Eerst zal ik het burn-outsyndroom beschrijven en een paar woorden zeggen over hoe het kan worden herkend. Daarna zal ik proberen uit te leggen tegen welke achtergrond dit syndroom optreedt, en vervolgens een kort overzicht geven van hoe je met het burn-outsyndroom kunt werken en laten zien hoe je het kunt voorkomen.

EENVOUDIG VERBRANDEN

Wie kent de symptomen van burn-out niet? Ik denk dat iedereen ze ooit heeft gevoeld. We vertonen tekenen van uitputting in onszelf als we grote stress hebben ervaren, iets groots hebben gedaan. Bijvoorbeeld als we ons voorbereiden op examens, aan een project werken, een proefschrift schrijven of twee kleine kinderen opvoeden. Het komt voor dat het op het werk veel moeite kostte, er wat crisissituaties waren, of bijvoorbeeld tijdens de griepepidemie, artsen heel hard moesten werken.
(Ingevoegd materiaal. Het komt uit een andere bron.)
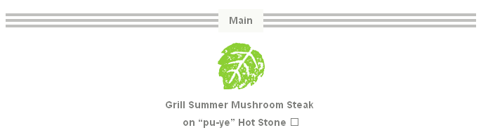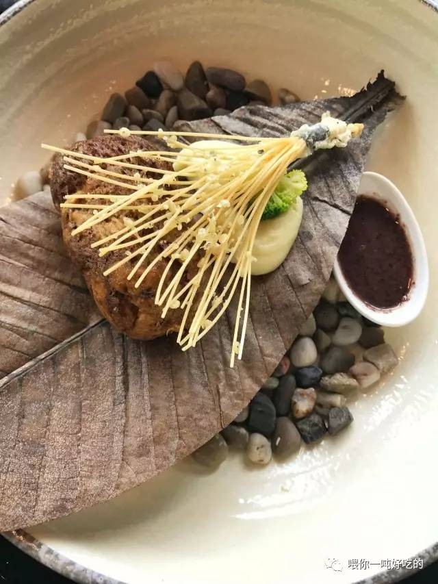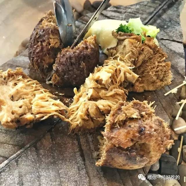 热石烤猴头菇在蒲叶上,看起来有没有很像热石烤牛排。猴头菇有蒲叶的清香。

En dan symptomen zoals prikkelbaarheid, gebrek aan verlangens, slaapstoornis (wanneer een persoon niet in slaap kan vallen, of juist heel lang slaapt), een verminderde motivatie, een persoon voelt zich meestal ongemakkelijk en er kunnen depressieve symptomen optreden. Dit is een simpele versie van burn-out - burn-out op reactieniveau, een fysiologische en psychologische reactie op overmatige stress. Als de situatie voorbij is, verdwijnen de symptomen vanzelf. In dit geval kunnen vrije weekenden, tijd voor jezelf, slapen, vakantie, sporten helpen. Als we geen energie aanvullen door rust, gaat het lichaam in een modus van energiebesparing.
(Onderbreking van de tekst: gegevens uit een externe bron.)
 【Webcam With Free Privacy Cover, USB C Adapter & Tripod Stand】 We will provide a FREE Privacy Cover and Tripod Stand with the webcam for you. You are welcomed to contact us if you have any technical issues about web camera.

In feite zijn zowel het lichaam als de psyche zo ingericht dat grote stress mogelijk is - mensen moeten immers soms hard werken om geweldige doelen te bereiken. Bijvoorbeeld om je gezin te redden van een of ander probleem. Het probleem is anders: als de uitdaging niet eindigt, dat wil zeggen, als mensen echt niet kunnen rusten, zijn ze voortdurend in een staat van spanning, als ze constant het gevoel hebben dat er eisen aan hen worden gesteld, zijn ze altijd ergens mee bezig, ze voelen angst, zijn constant waakzaam met betrekking tot iets, verwachten iets, dit leidt tot overbelasting van het zenuwstelsel, iemands spieren spannen zich, pijn doet zich voor. Sommige mensen beginnen in een droom met hun tanden te knarsen - dit kan een van de symptomen zijn van overbelasting.

CHRONISCHE BURN-OUT

Als stress chronisch wordt, gaat burn-out naar het niveau van frustratie.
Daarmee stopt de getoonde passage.